• _RECORDS PROVIDED_:
—————

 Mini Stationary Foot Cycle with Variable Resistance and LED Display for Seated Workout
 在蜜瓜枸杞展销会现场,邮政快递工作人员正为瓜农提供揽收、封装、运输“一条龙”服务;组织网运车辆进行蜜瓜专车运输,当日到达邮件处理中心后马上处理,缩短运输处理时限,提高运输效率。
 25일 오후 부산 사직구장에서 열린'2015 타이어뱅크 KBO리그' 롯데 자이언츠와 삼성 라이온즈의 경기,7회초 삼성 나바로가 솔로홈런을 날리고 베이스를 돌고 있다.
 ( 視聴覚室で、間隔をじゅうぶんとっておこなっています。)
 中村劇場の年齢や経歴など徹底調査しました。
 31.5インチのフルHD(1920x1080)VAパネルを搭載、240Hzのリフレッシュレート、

—————

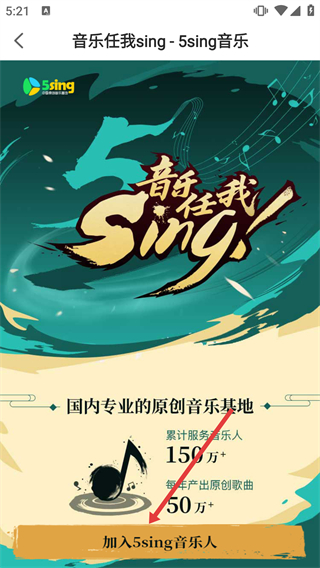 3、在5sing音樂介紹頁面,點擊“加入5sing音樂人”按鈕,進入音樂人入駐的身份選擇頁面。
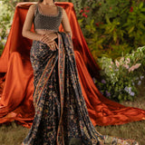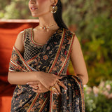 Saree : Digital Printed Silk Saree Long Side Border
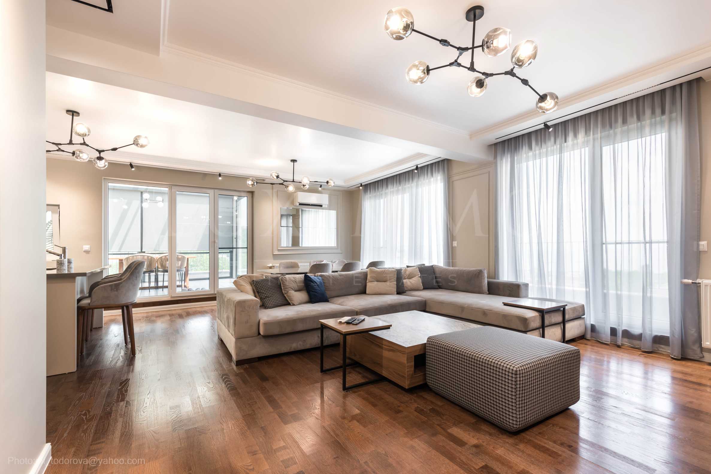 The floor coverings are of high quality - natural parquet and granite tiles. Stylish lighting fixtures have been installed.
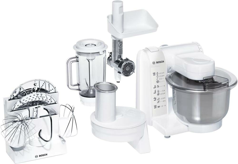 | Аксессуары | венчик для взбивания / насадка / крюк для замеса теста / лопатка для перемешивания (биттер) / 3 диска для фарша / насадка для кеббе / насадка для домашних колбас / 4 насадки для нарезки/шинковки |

—————

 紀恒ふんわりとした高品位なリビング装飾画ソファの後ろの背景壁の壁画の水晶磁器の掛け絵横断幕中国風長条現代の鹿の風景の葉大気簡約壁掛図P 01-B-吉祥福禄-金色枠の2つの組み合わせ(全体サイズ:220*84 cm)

—————

Please repeat the lines of the material above exactly, starting with the line that contains "3、在5sing音樂介紹頁面" and ending with the line that contains "для нарезки/шинковки |". Leave the pictures out.

 3、在5sing音樂介紹頁面,點擊“加入5sing音樂人”按鈕,進入音樂人入駐的身份選擇頁面。
 Saree : Digital Printed Silk Saree Long Side Border
 The floor coverings are of high quality - natural parquet and granite tiles. Stylish lighting fixtures have been installed.
 | Аксессуары | венчик для взбивания / насадка / крюк для замеса теста / лопатка для перемешивания (биттер) / 3 диска для фарша / насадка для кеббе / насадка для домашних колбас / 4 насадки для нарезки/шинковки |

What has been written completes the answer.